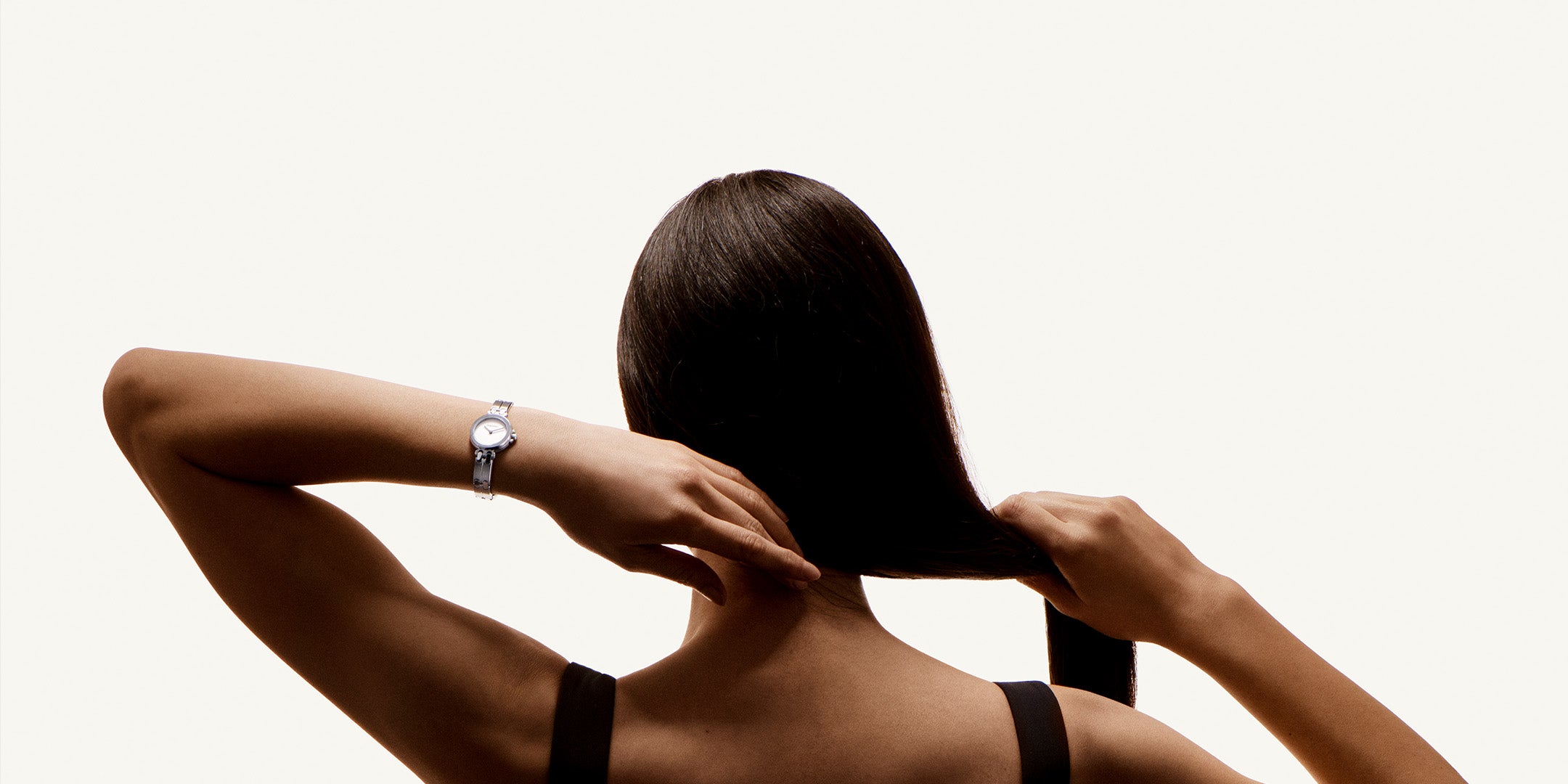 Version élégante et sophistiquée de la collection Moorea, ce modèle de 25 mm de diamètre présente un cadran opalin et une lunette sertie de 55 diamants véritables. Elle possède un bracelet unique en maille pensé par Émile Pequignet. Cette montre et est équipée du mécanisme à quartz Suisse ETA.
--
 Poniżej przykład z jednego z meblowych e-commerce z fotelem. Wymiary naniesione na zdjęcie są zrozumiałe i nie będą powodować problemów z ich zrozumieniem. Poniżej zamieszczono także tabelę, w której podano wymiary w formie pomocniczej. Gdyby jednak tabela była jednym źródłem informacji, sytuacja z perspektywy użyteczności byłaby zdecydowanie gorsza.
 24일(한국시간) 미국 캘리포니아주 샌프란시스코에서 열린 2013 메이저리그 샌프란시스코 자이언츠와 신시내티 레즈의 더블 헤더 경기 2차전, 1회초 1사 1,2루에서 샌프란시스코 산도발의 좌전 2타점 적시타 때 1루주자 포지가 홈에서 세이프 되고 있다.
---
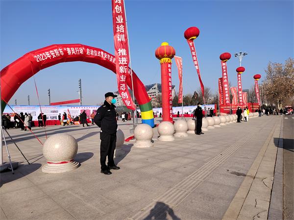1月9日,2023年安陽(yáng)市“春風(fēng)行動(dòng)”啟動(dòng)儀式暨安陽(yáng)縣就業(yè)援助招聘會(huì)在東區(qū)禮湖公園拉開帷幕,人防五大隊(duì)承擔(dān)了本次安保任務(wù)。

■ DIRECTIONS
Could you set down, exactly as written, the lines above between the one holding "Poniżej przykład z" and the one holding "24일(한국시간) 미국 캘리포니아주", inclusive, and nothing more?

■ TASK ANSWER
 Poniżej przykład z jednego z meblowych e-commerce z fotelem. Wymiary naniesione na zdjęcie są zrozumiałe i nie będą powodować problemów z ich zrozumieniem. Poniżej zamieszczono także tabelę, w której podano wymiary w formie pomocniczej. Gdyby jednak tabela była jednym źródłem informacji, sytuacja z perspektywy użyteczności byłaby zdecydowanie gorsza.
 24일(한국시간) 미국 캘리포니아주 샌프란시스코에서 열린 2013 메이저리그 샌프란시스코 자이언츠와 신시내티 레즈의 더블 헤더 경기 2차전, 1회초 1사 1,2루에서 샌프란시스코 산도발의 좌전 2타점 적시타 때 1루주자 포지가 홈에서 세이프 되고 있다.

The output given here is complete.